== Data provided
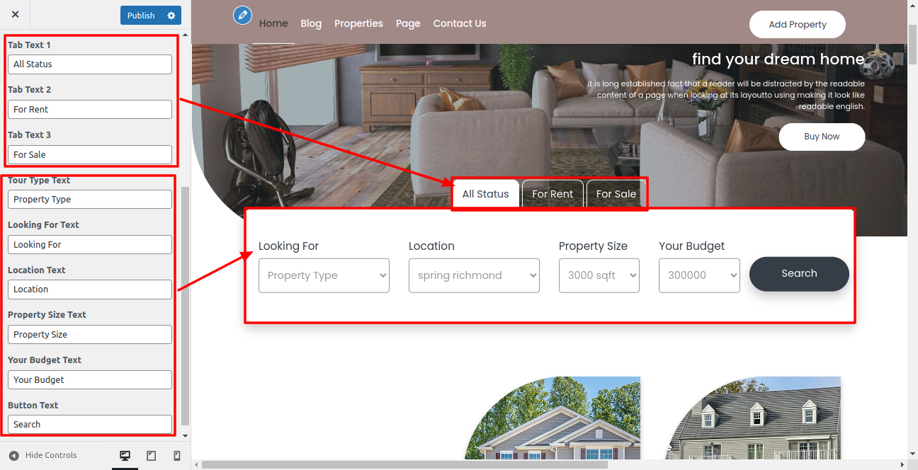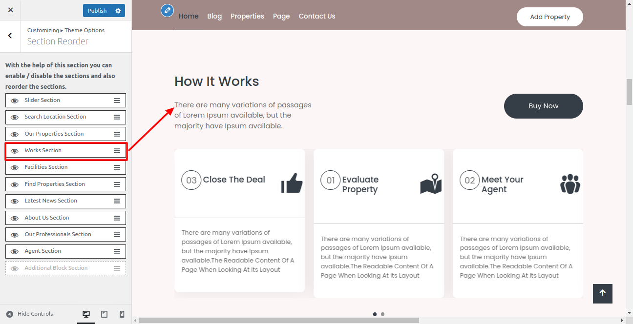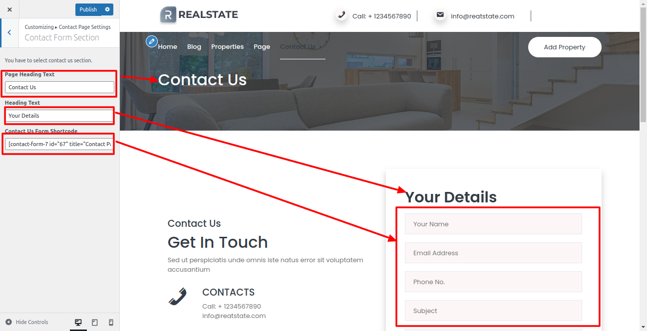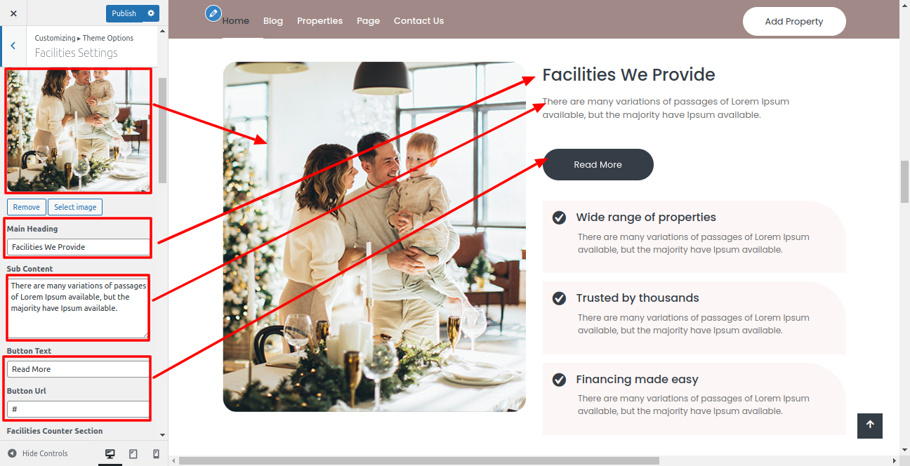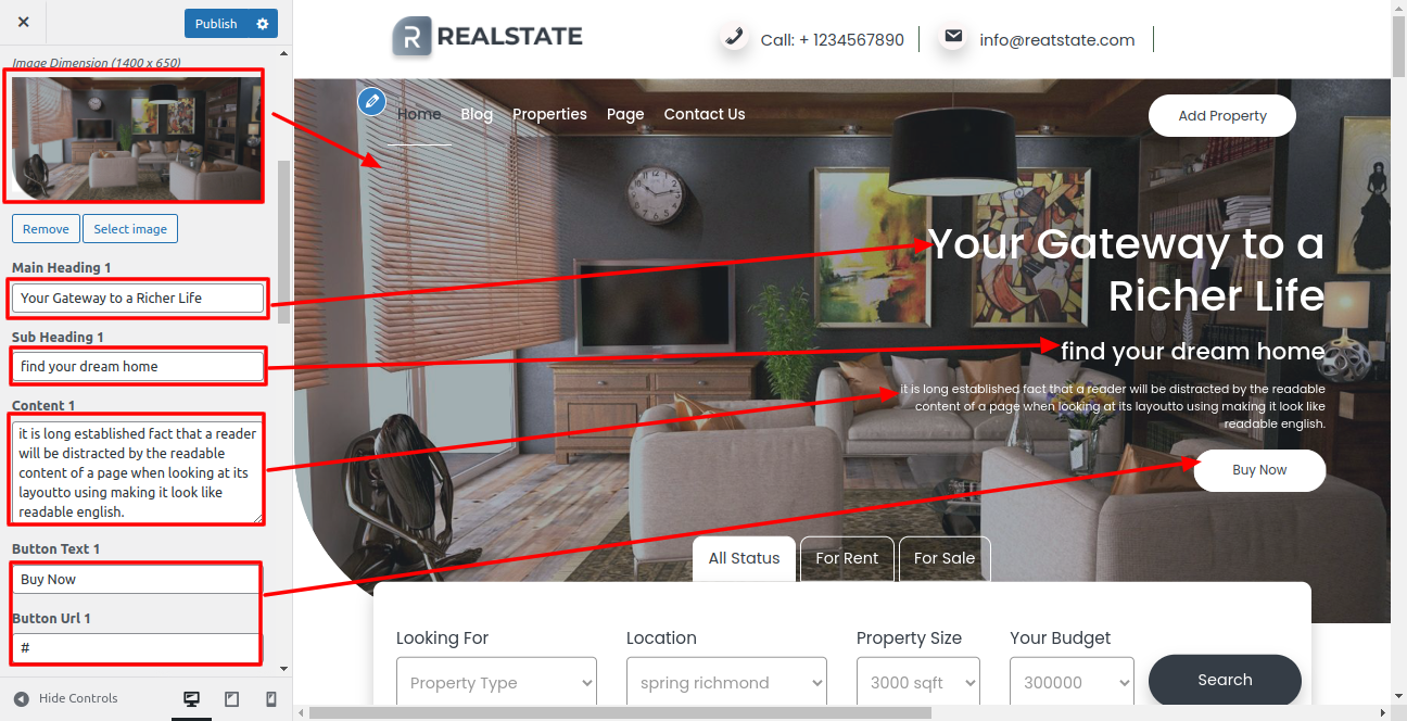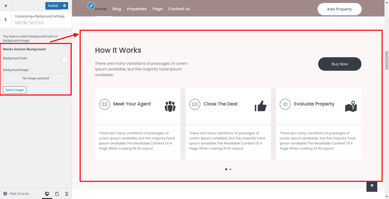 In the Dashboard, go to Appearance >> Real Estate Property Pro Themes Configure
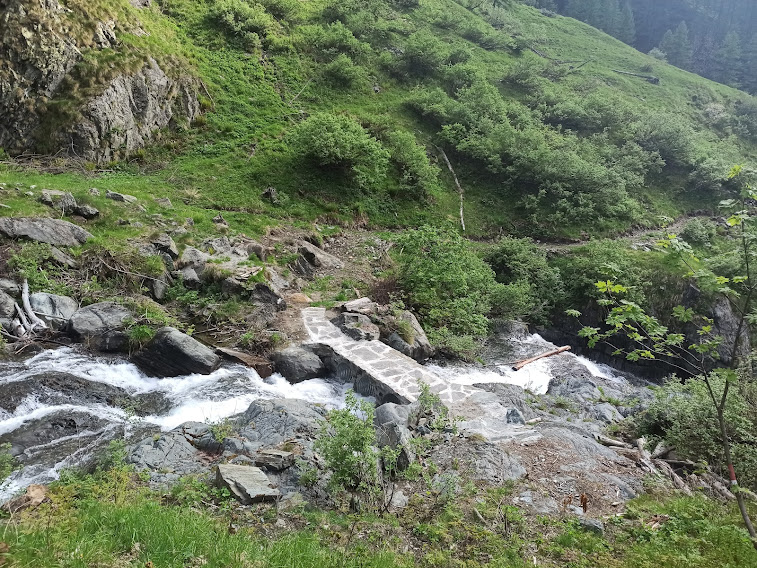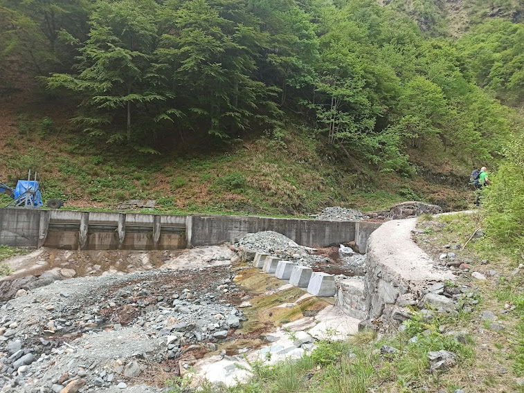 A quota 1250 circa capisco perché il Bogna non è più un torrente ma, per lunghi tratti, un rigagnolo. Troviamo le opere di presa per una delle oltre duecento centraline idroelettriche private che infestano il nostro territorio. Il cosiddetto “rilascio” o “deflusso minimo vitale – DMV” è ridicolo. Da qui in su c’è un torrente e ci sono anche i pescatori.
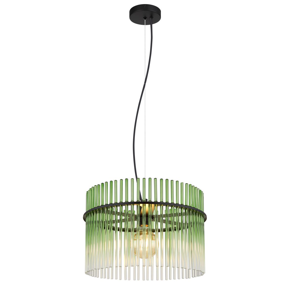 De GORLEY hanglamp is een elegant en tijdloos design dat elke ruimte met stijl verlicht. Het ronde lichaam van matte zwarte metaal steunt op een fraaie ronde kap, gemaakt van kunstzinnig gerangschikte groene glazen staven. Dit unieke ontwerp creëert een fascinerend lichtspel en zorgt voor een uitnodigende sfeer. Dankzij de veelzijdigheid van de GORLEY hanglamp past deze perfect in verschillende interieurstijlen en voegt het stijlvolle accenten toe aan woonkamers, eetruimtes of gangen.
====
Task objective
Please repeat exactly the data above from its first line to the line that contains "A quota 1250", inclusive, and leave every picture out.

Output of the task
 In the Dashboard, go to Appearance >> Real Estate Property Pro Themes Configure
 A quota 1250 circa capisco perché il Bogna non è più un torrente ma, per lunghi tratti, un rigagnolo. Troviamo le opere di presa per una delle oltre duecento centraline idroelettriche private che infestano il nostro territorio. Il cosiddetto “rilascio” o “deflusso minimo vitale – DMV” è ridicolo. Da qui in su c’è un torrente e ci sono anche i pescatori.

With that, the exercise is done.